Member of the Chamber of Deputies
- In office 11 March 1990 – 11 March 1998

Personal details
- Born: 22 December 1952 (age 73) Santiago, Chile
- Party: Radical Party (1970–1987) Party for Democracy (1987–2006)
- Alma mater: University of Chile
- Occupation: Politician
- Profession: Law graduate

= Jorge Schaulsohn =

Chilean politician (born 1952)

Jorge Jaime Schaulsohn Brodsky (born 22 December 1952) is a Chilean politician who was President of the Chamber of Deputies of Chile and as a member of the Chamber of Deputies, representing the former District 22 of Santiago.

==Biography==
He was born in Santiago on 22 December 1952, the son of Jacobo Schaulsohn Numhauser and Catalina Brodsky Berstein.

He married Patricia Frenz and they have two children.

===Professional career===
He completed his secondary education at the Liceo José Victorino Lastarria, Santiago.
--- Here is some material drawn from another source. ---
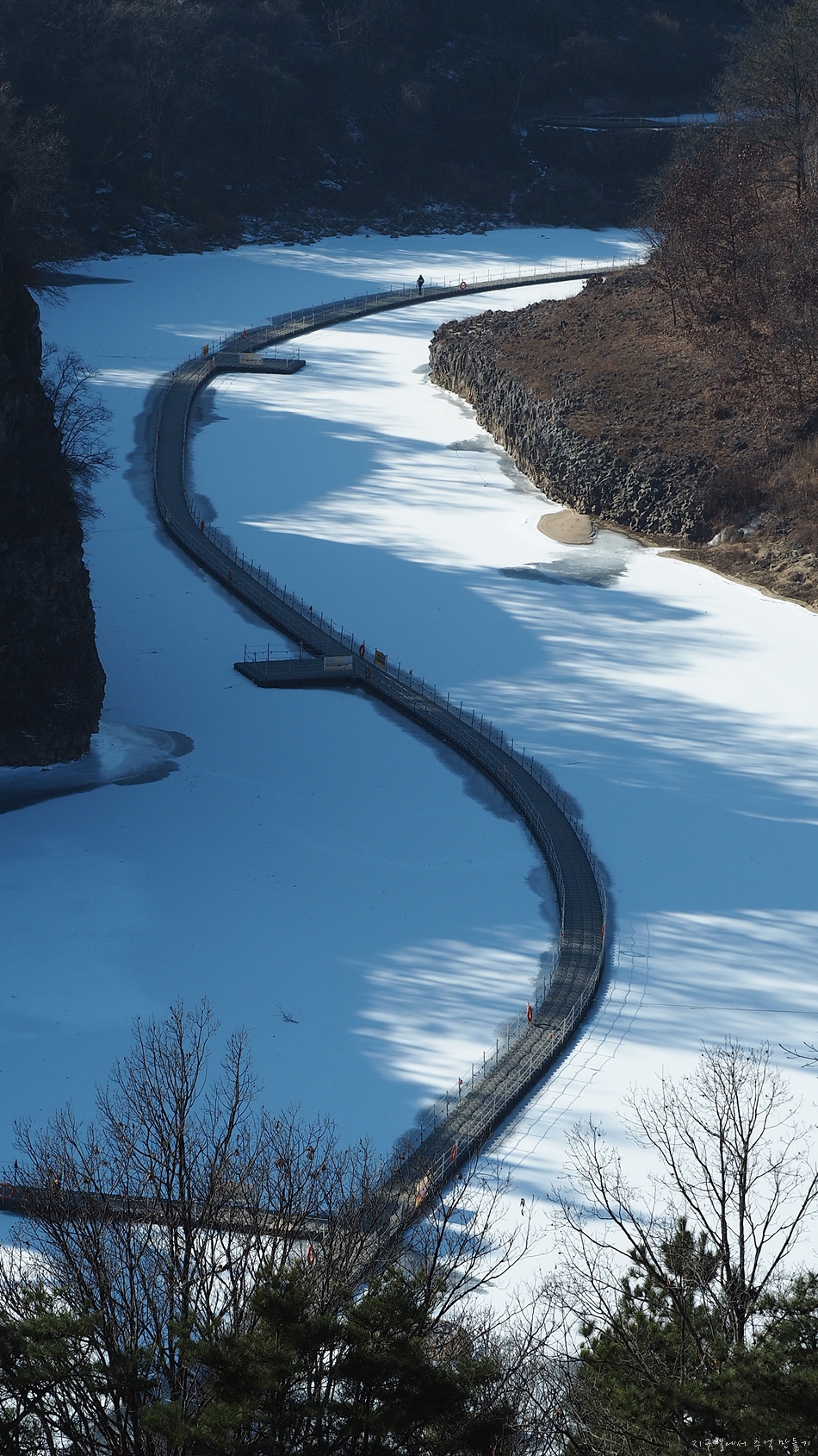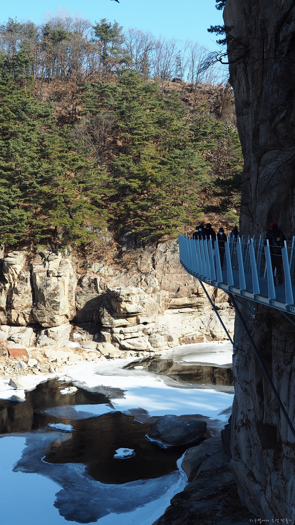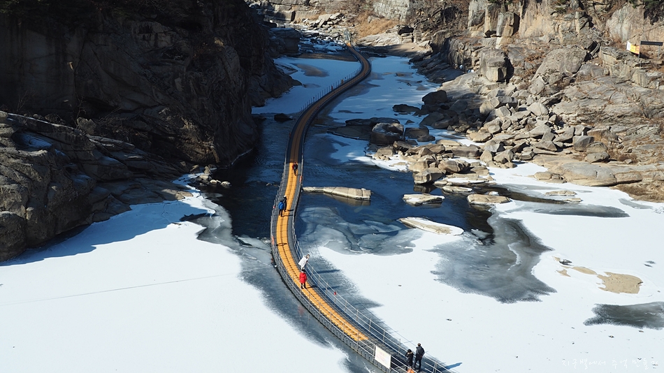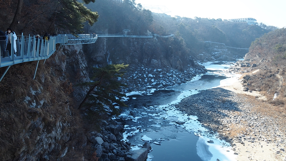 이전에는 겨울에 한탄강 얼음 트레킹(보기)이 유행이었는데 이제는 잔도가 그 자리를 대신합니다.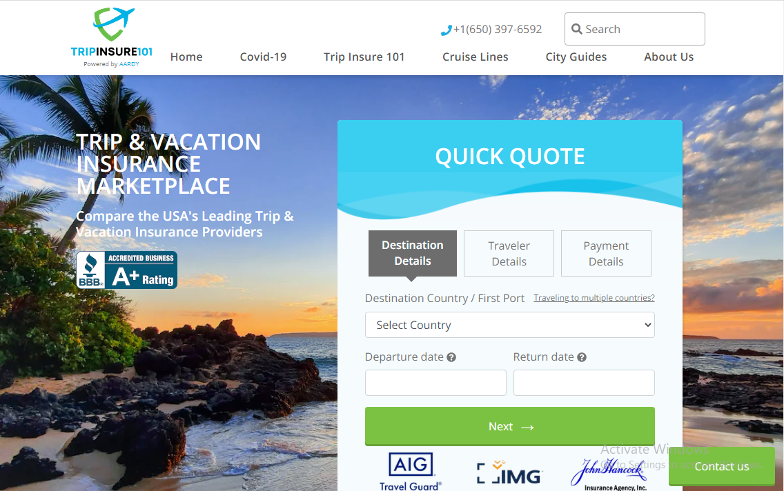 After reading horror stories about trips that ended badly, I decided to get a policy that was primarily focused on the evacuation and medical benefits. Tripinsure 101 was recommended by AARP, so I called them to check if they have insurance. I completed the form, which was very brief, to receive a quote. Chase R confirmed my choice and I purchased my policy. It was very easy.

In 1973, he traveled to the United States to attend college and obtain a Master’s degree in International Affairs. He later enrolled at the New York University School of Law, where he was elected student representative to the Superior Council composed of professors and students. He obtained a law degree in the United States and was admitted to the New York State Bar Association. He subsequently joined the Inter-American Bar Association.

He returned to Chile in 1980 and enrolled at the University of Chile Faculty of Law, where he earned a degree in Legal and Social Sciences. He was admitted as a lawyer before the Supreme Court of Chile on 30 March 1987.

==Political career==
He began his political activities as president of the student center of the Liceo José Victorino Lastarria, as member of the executive board of the Federación de Estudiantes Secundarios (FESES) in 1969, and as president of the Radical Youth. In 1970, he was elected member of the National Executive Committee of the Radical Party of Chile. He later served as leader of the Assembly and president of the professionals and technicians branch of that party, and in 1987 rejoined its National Executive Committee.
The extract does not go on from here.